Extracted records
========================
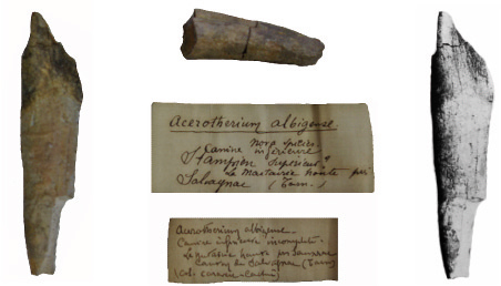 Ce gisement totalement inédit est révélé par une étiquette de la collection Caraven-Cachin du musée d’Albi, a fourni « un radius et un cubitus d’Anthacotherium magnum. Don de Hippolyte Bonnefous, le 21 juin 1902 ».
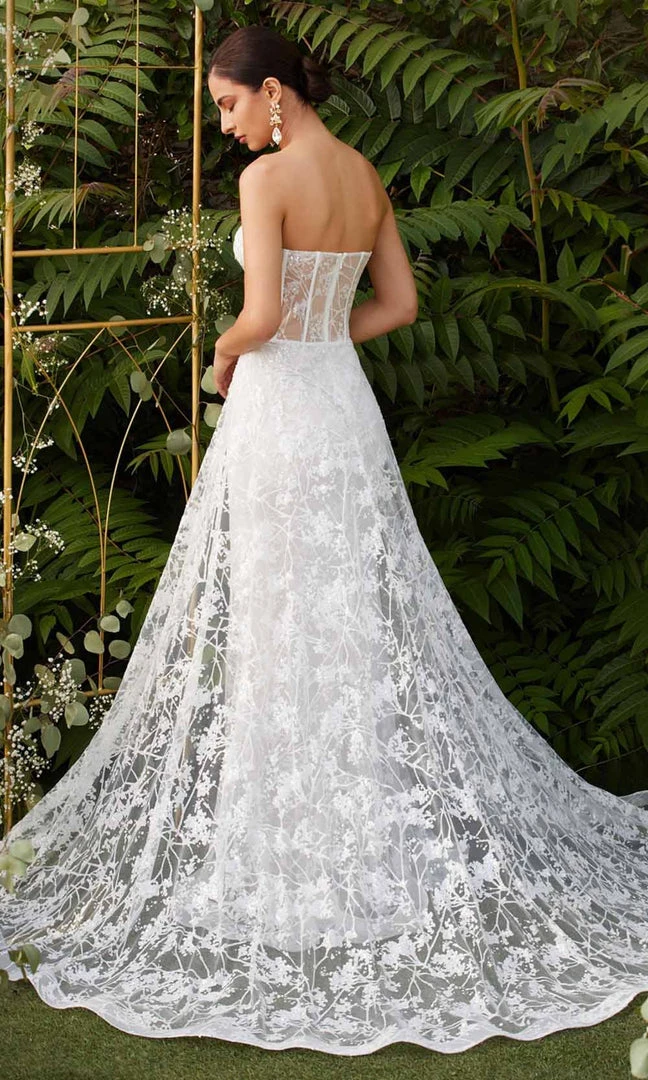 Look immaculately gorgeous in Cinderella Divine CB046W. Delights in a strapless, sweetheart neckline with corset bodice highlighting your figure. The gown is designed with stunning floral appliques that continue to the trumpet skirt. Completing the look is a dramatic overskirt. This Cinderella Divine dress will let you celebrate that divine feminine beauty!
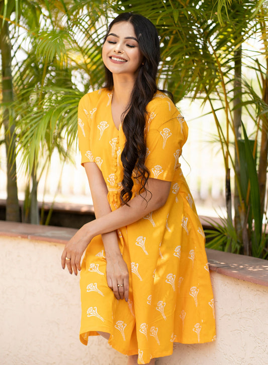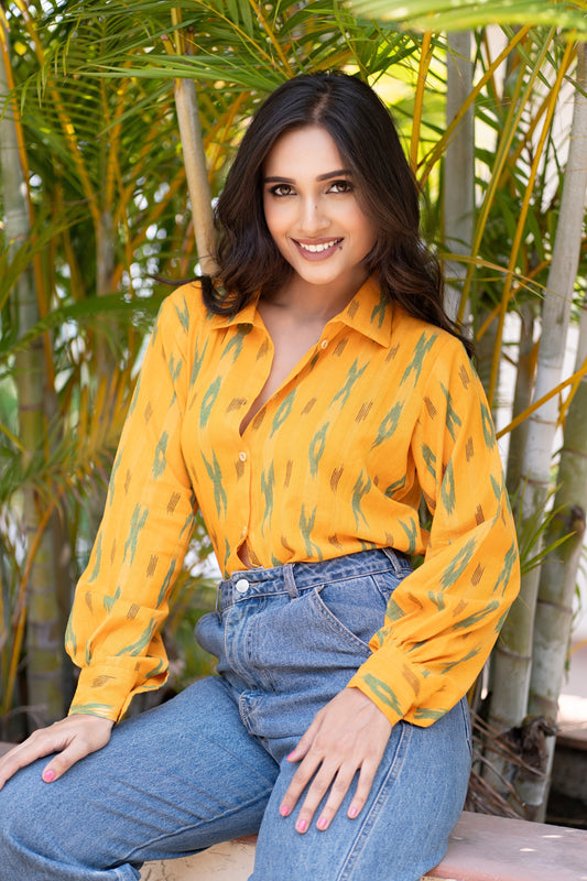 Women Button Down Shirt Long Sleeves for Summer - Yellow
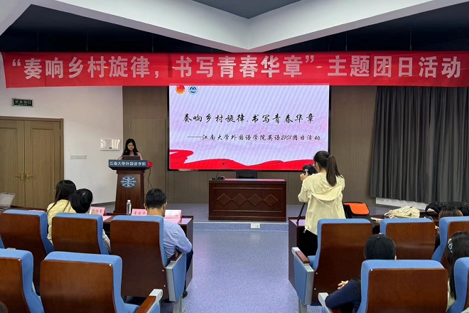 6月6日下午,华体会体育英语2101团支部在君金报告厅顺利举办“奏响乡村旋律,书写青春华章”主题团日活动。江南大学党委副书记、纪委书记刘淼,足球篮球官方直播平台党委书记李荣华,足球篮球官方直播平台分团委书记顾海星出席,英语2101张闻天特称团支部,英语2204雷锋特称团支部和院青马工程训练营全体学员参加。
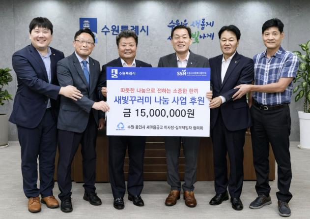 수원·용인시새마을금고 이사장·실무책임자협의회는 현금 900만 원과 600만 원 상당 물품(즉석밥, 국・반찬, 밀키트 등 600만 원 상당)을 기부했다. 수원시사회복지협의회를 통해 추석 연휴 기간 새빛돌봄(식사배달) 서비스 이용자들을 위한 ‘2025년 추석 명절맞이 새빛꾸러미 나눔 사업’에 사용할 예정이다.
========================
§ WHAT TO WORK ON
Could every entry above be printed again exactly, images excluded?

§ EXERCISE RESULT
 Ce gisement totalement inédit est révélé par une étiquette de la collection Caraven-Cachin du musée d’Albi, a fourni « un radius et un cubitus d’Anthacotherium magnum. Don de Hippolyte Bonnefous, le 21 juin 1902 ».
 Look immaculately gorgeous in Cinderella Divine CB046W. Delights in a strapless, sweetheart neckline with corset bodice highlighting your figure. The gown is designed with stunning floral appliques that continue to the trumpet skirt. Completing the look is a dramatic overskirt. This Cinderella Divine dress will let you celebrate that divine feminine beauty!
 Women Button Down Shirt Long Sleeves for Summer - Yellow
 6月6日下午,华体会体育英语2101团支部在君金报告厅顺利举办“奏响乡村旋律,书写青春华章”主题团日活动。江南大学党委副书记、纪委书记刘淼,足球篮球官方直播平台党委书记李荣华,足球篮球官方直播平台分团委书记顾海星出席,英语2101张闻天特称团支部,英语2204雷锋特称团支部和院青马工程训练营全体学员参加。
 수원·용인시새마을금고 이사장·실무책임자협의회는 현금 900만 원과 600만 원 상당 물품(즉석밥, 국・반찬, 밀키트 등 600만 원 상당)을 기부했다. 수원시사회복지협의회를 통해 추석 연휴 기간 새빛돌봄(식사배달) 서비스 이용자들을 위한 ‘2025년 추석 명절맞이 새빛꾸러미 나눔 사업’에 사용할 예정이다.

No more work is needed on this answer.